Так даосское забытье, постулирующее крайне неопределенное единство физического и метафизического, жизни и смерти, прозрения и обыденного сознания, предстает образом первичной метафоры культуры, утверждающей символическую равноценность бытия и «другого бытия», мира земного и мира потустороннего, смешивающей физические и метафизические качества вещей.

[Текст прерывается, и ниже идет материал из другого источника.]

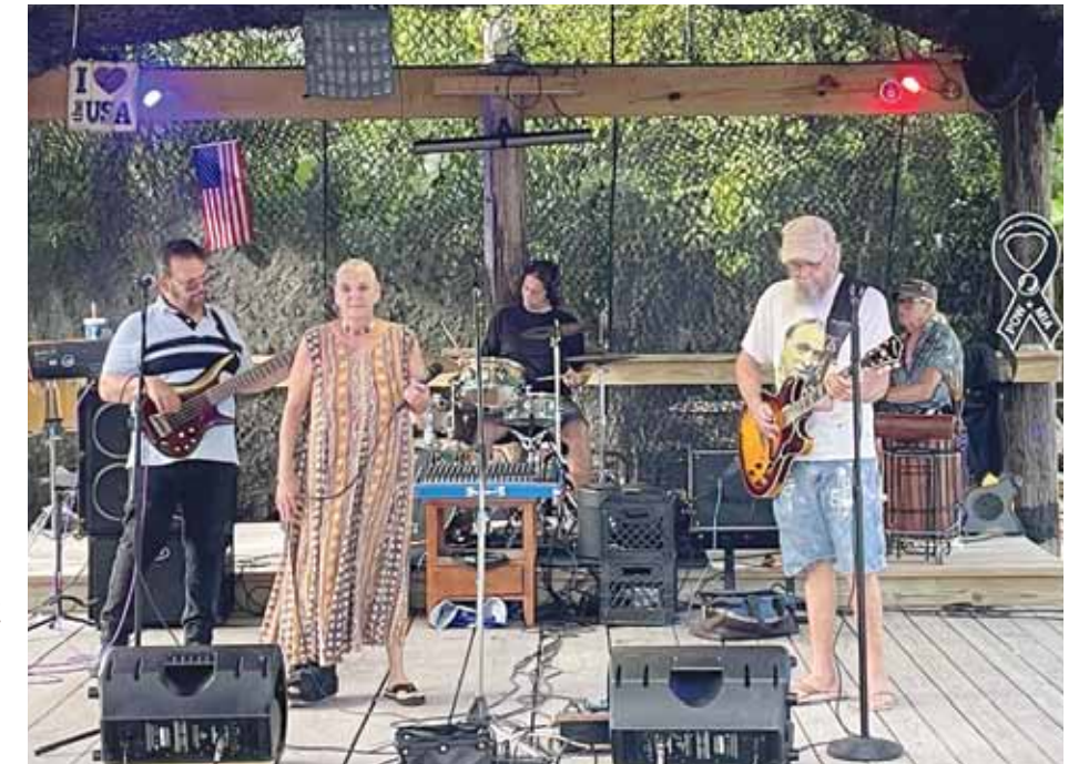
There's a lot of variety as players changed in and out.

The Key Largo American Legion is open 7 days a week from noon to 10 pm. Happy Hour is daily from 3 to 6 pm.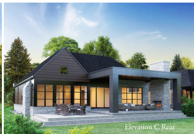
Elevation C Rear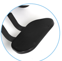
Flip up footrest (nonslip PU coating)

В своем «Введении в теорию античного фольклора» О. М. Фрейденберг описывает формирование культуры как процесс постоянной переоценки исходного материала, первоначальный смысл которого уже утерян. Сначала вещь и образ – потом каузальное и понятийное мышление, строящее «из кирпичей давно забытого мировосприятия». Таков путь рациональной разработки символа, обосновывающей работу мысли идеей параллелизма логики и материи. Но мы можем спросить и о самих условиях рационалистической редукции символа. Прежде чем символ приобретает какое-либо значение, он уже есть. Он уже несет в себе забытое, внеположенное умозрению. Таков не менее универсальный в истории человеческой культуры путь к забытому предсуществованию вещей, «пустотному образу» бытия, о котором толкует Чжуан-цзы, а за ним вся даосская традиция. Этот путь ведет к восстановлению единства вещи и смысла в бытийственной тотальности сущего. Он требует признать несводимость природы к логике и заставляет ориентироваться не на индивидуализирующий разум, а на внесубъективный исток сознания, сознание разомкнутое, «океаническое». Ибо забытье – знак всеобщности, и напоминают о нем вещественные памятники вечности – все то, что говорит о смерти в жизни и о жизни в смерти, что принадлежит всем и никому в отдельности. Таков мир сверхличной, коллективной памяти, для которой вещи важнее и первичнее идей. Речь идет, по существу, о включении в сознание людей, опыта смерти – единственного доверительного обещания новой жизни.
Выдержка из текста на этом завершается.